Additional Information and Where to Find It
This communication does not constitute an offer to buy, or solicitation of an offer to sell, any securities of Georgia Gulf, PPG’s commodity chemicals business or PPG. In connection with the Transaction, Georgia Gulf will file with the SEC a registration statement on Form S-4 that will include a proxy statement and prospectus of Georgia Gulf relating to the Transaction. INVESTORS AND SECURITY HOLDERS ARE URGED TO READ THE REGISTRATION STATEMENT AND PROXY STATEMENT/PROSPECTUS, AND ANY OTHER RELEVANT DOCUMENTS, WHEN THEY BECOME AVAILABLE, BECAUSE THEY WILL CONTAIN IMPORTANT INFORMATION ABOUT GEORGIA GULF, PPG’S COMMODITY CHEMICALS BUSINESS AND THE TRANSACTION. Investors and security holders will be able to obtain these materials (when they are available) and other documents filed with the SEC free of charge at the SEC’s website, www.sec.gov. In addition, copies of the registration statement and proxy statement/prospectus (when they become available) may be obtained free of charge by accessing Georgia Gulf’s website at www.ggc.com, clicking on the “Investors” link and then clicking on the “SEC Filings” link; or upon written request to Georgia Gulf at Georgia Gulf Corporation, 115 Perimeter Center Place, Suite 460, Atlanta, Georgia 30346, Attention: Investor Relations; or upon written request to PPG at PPG Industries, Inc., One PPG Place, Pittsburgh, Pennsylvania 15272, Attention: Investor Relations. Shareholders may also read and copy any reports, statements and other information filed by Georgia Gulf or PPG with the SEC at the SEC public reference room at 100 F Street, N.E., Washington, D.C. 20549. Please call the SEC at 1-800-SEC-0330 or visit the SEC’s website for further information on its public reference room.

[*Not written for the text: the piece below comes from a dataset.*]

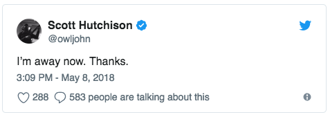 Late last night, Hutchison posted the following to his Twitter account: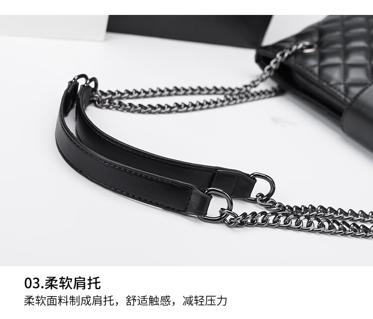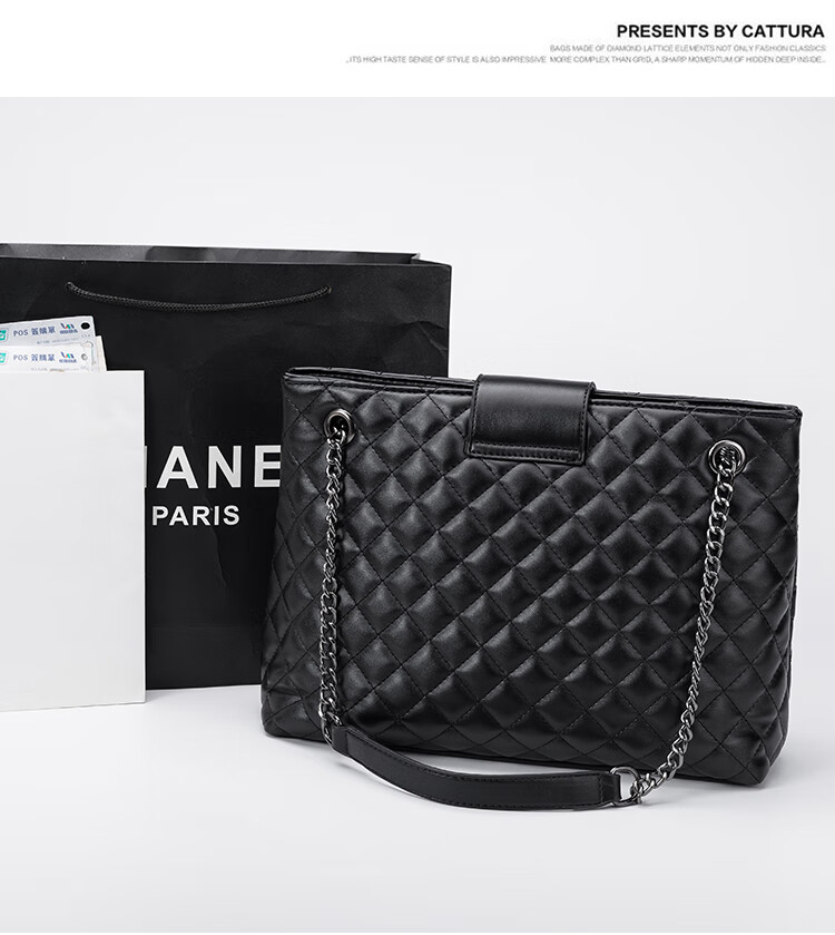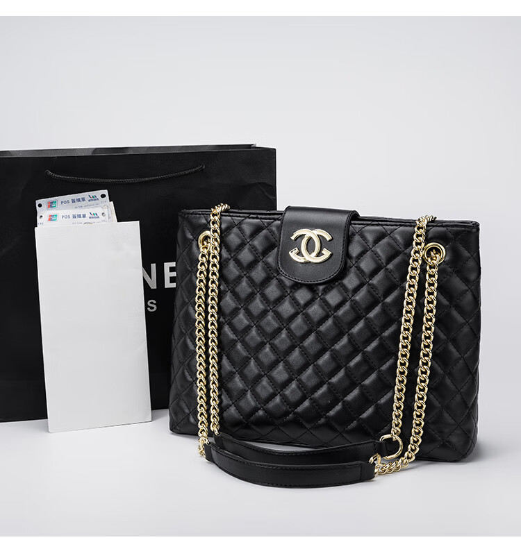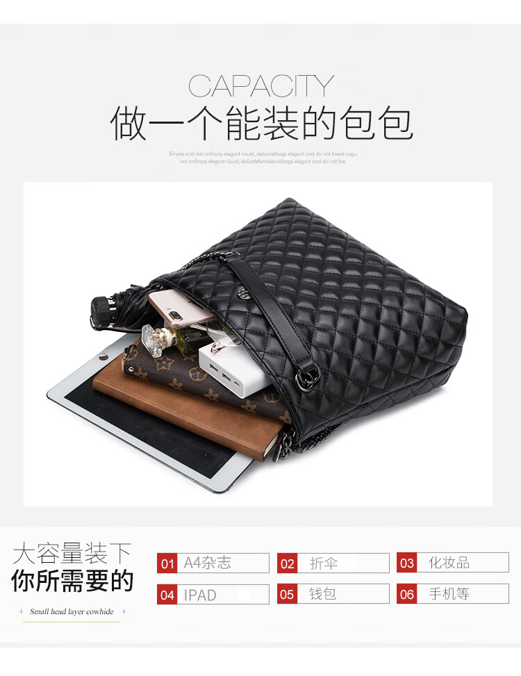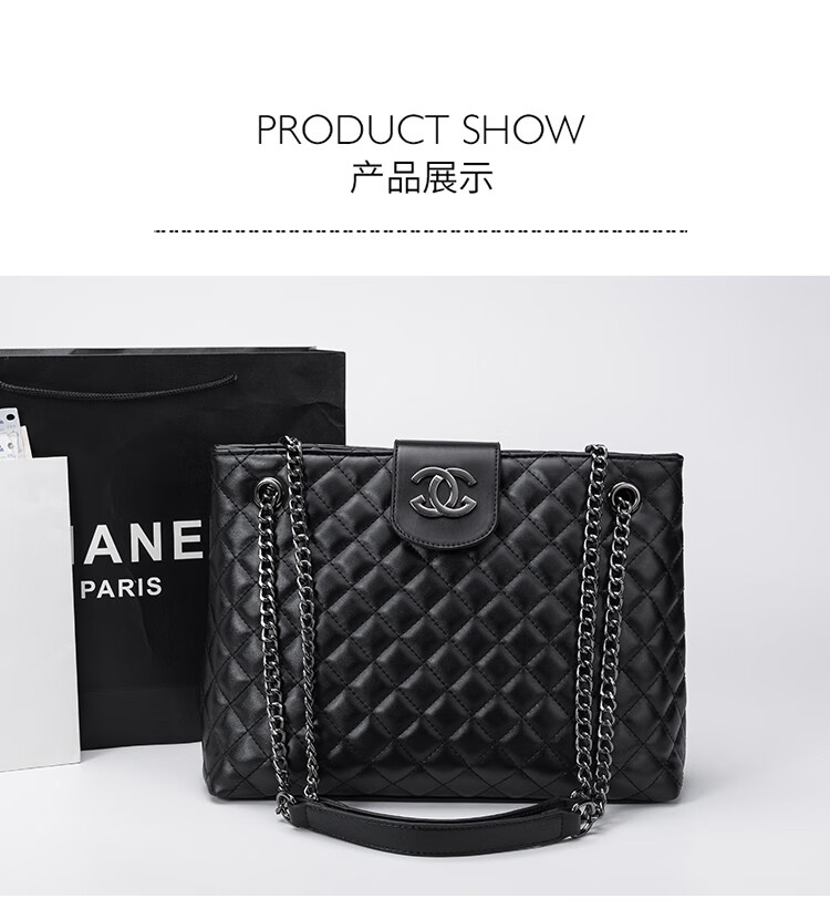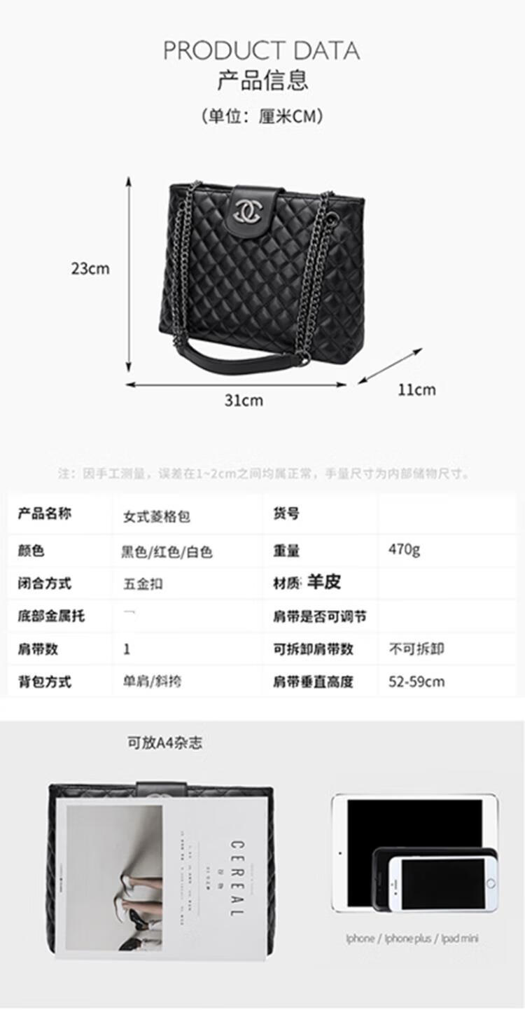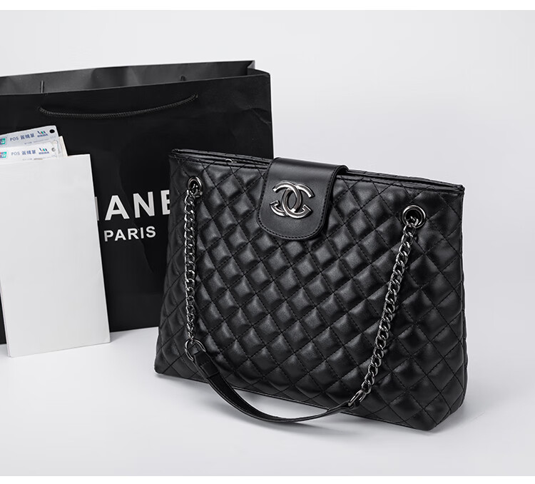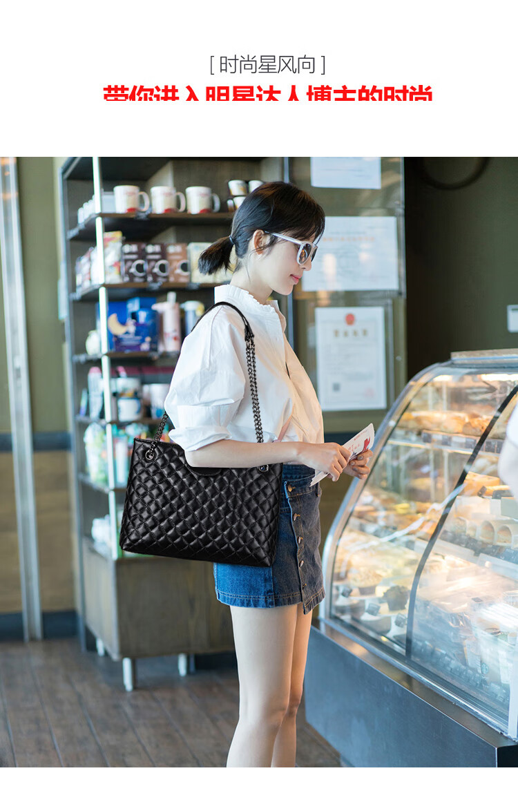 小香风包包女包香奈新款小香儿大容量真皮女包菱格链条单肩斜挎包 黑色+钨钢链条

Participants in the Solicitation
Georgia Gulf, PPG, and certain of their respective directors, executive officers and other members of management and employees may be deemed to be participants in the solicitation of proxies from shareholders in respect of the Transaction under the rules of the SEC. Information regarding Georgia Gulf’s directors and executive officers is available in its 2011 Annual Report on Form 10-K filed with the SEC on Feb. 24, 2012, and in its definitive proxy statement filed with the SEC on April 16, 2012, in connection with its 2012 annual meeting of stockholders. Information regarding PPG’s directors and executive officers is available in its 2011 Annual Report on Form 10-K filed with the SEC on Feb. 16, 2012, and in its definitive proxy statement filed with the SEC on March 8, 2012, in connection with its 2012 annual meeting of stockholders. Other information regarding the participants in the proxy solicitation and a description of their direct and indirect interests, by security holdings or otherwise, will be contained in the registration statement and proxy statement/prospectus and other relevant materials to be filed with the SEC when they become available.